店員が目を合わせずに、ぼそりと「しゃいませ」と呟いて水を置いていった。
この接客を「欧米らしくていい」と喜び、明るく親しみのある挨拶を得られる常連になれるよう通い詰める人もいるらしい。
上質な暮らしにたどり着く為には険しい道のりがあるのだな、と納得した。
「質」は素質、性質、本質ということばが指すように、生まれた時から一人前になるまでに自ずと身についていくようなものなんだと思っている。

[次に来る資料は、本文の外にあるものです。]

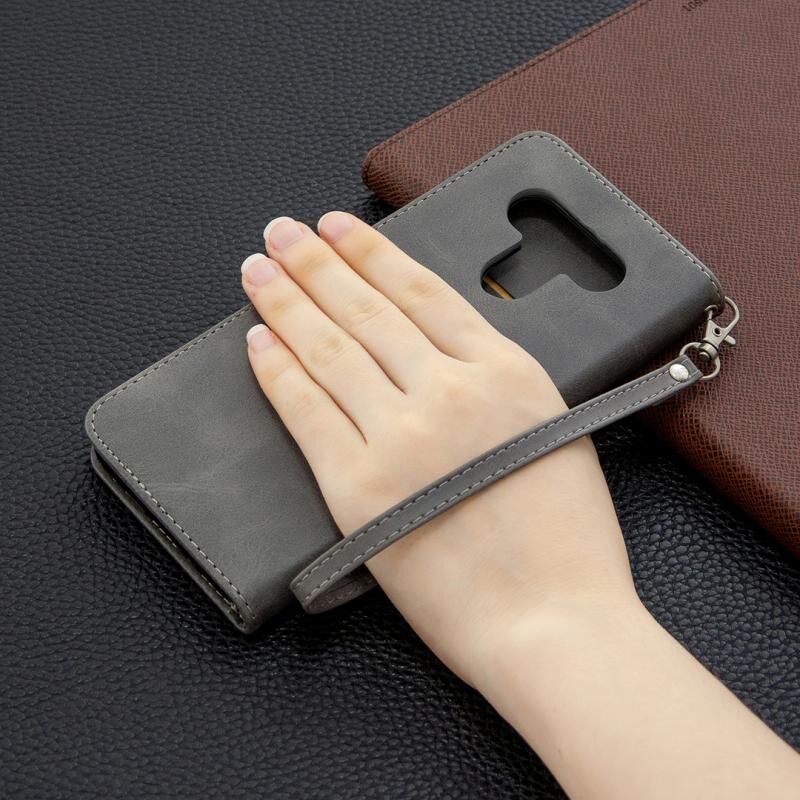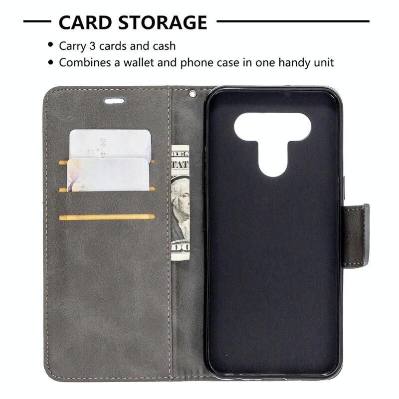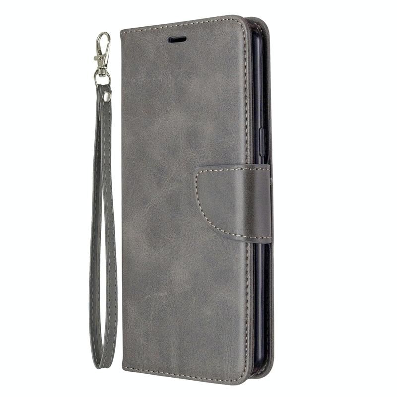 Για LG K51 Retro Lambskin υφή καθαρό χρώμα οριζόντια Flip PU δέρμα υπόθεση με θήκη & υποδοχές για κάρτες & πορτοφόλι & κορδόνι (γκρι)
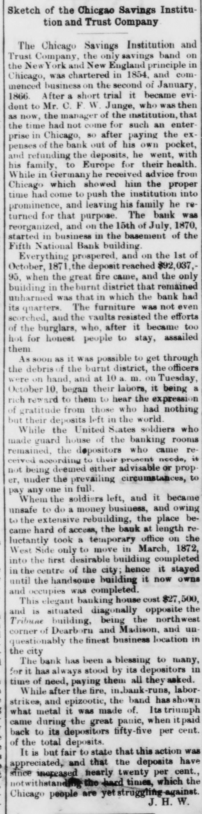 argued in time The same amounts of gold and currency that were in the country a fortnight Ago aro hold here to-day. The result has been A transfer of if no panio disturbing all only transfer, possession, business relations and that be created, affects only those immediately interested in the fortunes of one firm. But there was A GENERAL APPREHENSION that, owing to the excitement which some were endeavoring to increaso and extend and intensify, there be a run on the savings banks of the city tooutside of the officers and managers would day, and, and of interest these institutions, there was much anxiety expressed as to the result of such a movement. The of the savings banks, the and determining to managers possibilities, provide appreciating for their own safety and the security of their depositors, held a consultation yesterday, and resolved upon the adop& course as was both within the law and best as trustees of for tion the of such guardianship the treasures they hold. Their action is elsewhere reported. While it may not be denied that there was expressed yesterday & feeling of doubt in view of possible contingencies, it cannot be affirmed that there was anything approaching excitement or alarm. Men discussed THE FINANCIAL SITUATION quietly and deliberately, but not with the perfect confidence that mark predictions of ord! ary business. on the subject were in but conducted nor Conversations whispers, neither in boisterous moderate touce, as is the wont of the usual times, by couples, or in email knota. If appearances yesterday be any indication of results to-day, there will be no panic, and no rush on the banks, unless upon the savings institutions. All probability of such an attompted "run" is forestalled in the action of these institutions. A TRIBUNE reporter conversed with a number of the of the savings banks yesterday, and they the case: We receive and we pay heavy expenses mallmanagers pay thus interest, pithily put deposits. for the We agement of our institutions. To do this, of course, we cannot afford to let money lie idle in our vaults. We must invest it at remunerative rates. In doing BO, we endeavor to loan on the best terms compatible with for our depositors. This money must on a reasonable time, and in on domand. Our unperfect be immediately loaned security depositors cannot be must called derstand this. Our security is good, but we cannot pay at once all depositors out of our reserve funds." ACTION OF THE HAVINGS RANKS, The following is the result of the meeting of the officera of the avings banks yeaterday : SAVING DEPOSITE.-To allay all unnecessary excitement, and in the interest of the public and our depositors, and to prevent the possibility of any party obtaining an advantage over another, and to protect of the savings banks of the City of Chiby the officers whose names are hereto, will, from and after scribed cago, the rights represented all, this date, insist subupon requiring notice for the withdrawal of deposits, according to their respective rules. D. D. SPENCER, President State Savings Institution. JOHN C. HAINES, President of Fidelity Bank and Hafo Depository. SYDNEY MYERS, Cashier Merchants', Farmers' & Mechanica' Savings Bank, FRED. MEYER, Cashier Commercial Loan Company. F. C. TAYLOR, Vice-President Cook County Savings Bank. HENRY GREENEDAUX, President German Savings Bank. FRANCIS LACKNER, President German-American Savings Bank. 8. W. RAWHON, President Union Trust Company. CARL F. W. JUNGE, Treasurer Chicago Savings Institution and Trust Company. J. YOUNG SOAMMON, President Havings Department of the Marine Company of Calcago. H. A. WARE, Cashier City Savings Bank. W. II. PARK, Cashier of the Bank of Chicago, JAMES W. BCOVILLE, President of the Prairio State Loan and Trust Company. LAST EVENING it was reported that a tologram from President Grant, directed to & prominent financior of this city, bad been received in the afternoon, stating that the President would to-day order the immediate issue of the $14,000,000 reserve fund In order to afford relief. reported. from

それを上等なものに変えるとは、アヒルが白鳥の群れに落ち着くために羽根に白いペンキを塗るようなものだ。
アクリルの臭いは鼻につく。
ペンキはいつだってあるわけではないし、代金もばかにならない。
白鳥の群れの管理人はぶっきらぼうにコーヒーのオーダーを取っていった。
慌ただしさをたたえた給仕に運ばれてきたコーヒーは浅煎りのものだった。
隣のテーブルにいた女性は、何かを探してデルヴォーのバッグを忙しそうにかき回しながら、ランチを注文していた。
ジョニ・ミッチェルみたいな声だった。
コーヒーを飲み終えて、レジでお金を払った。
シャツを羽織りながら、ごちそうさまでした、さようなら、と言って店を出た。
店内はひんやりとしていたが、リネンの肌触りは気持ちよかった。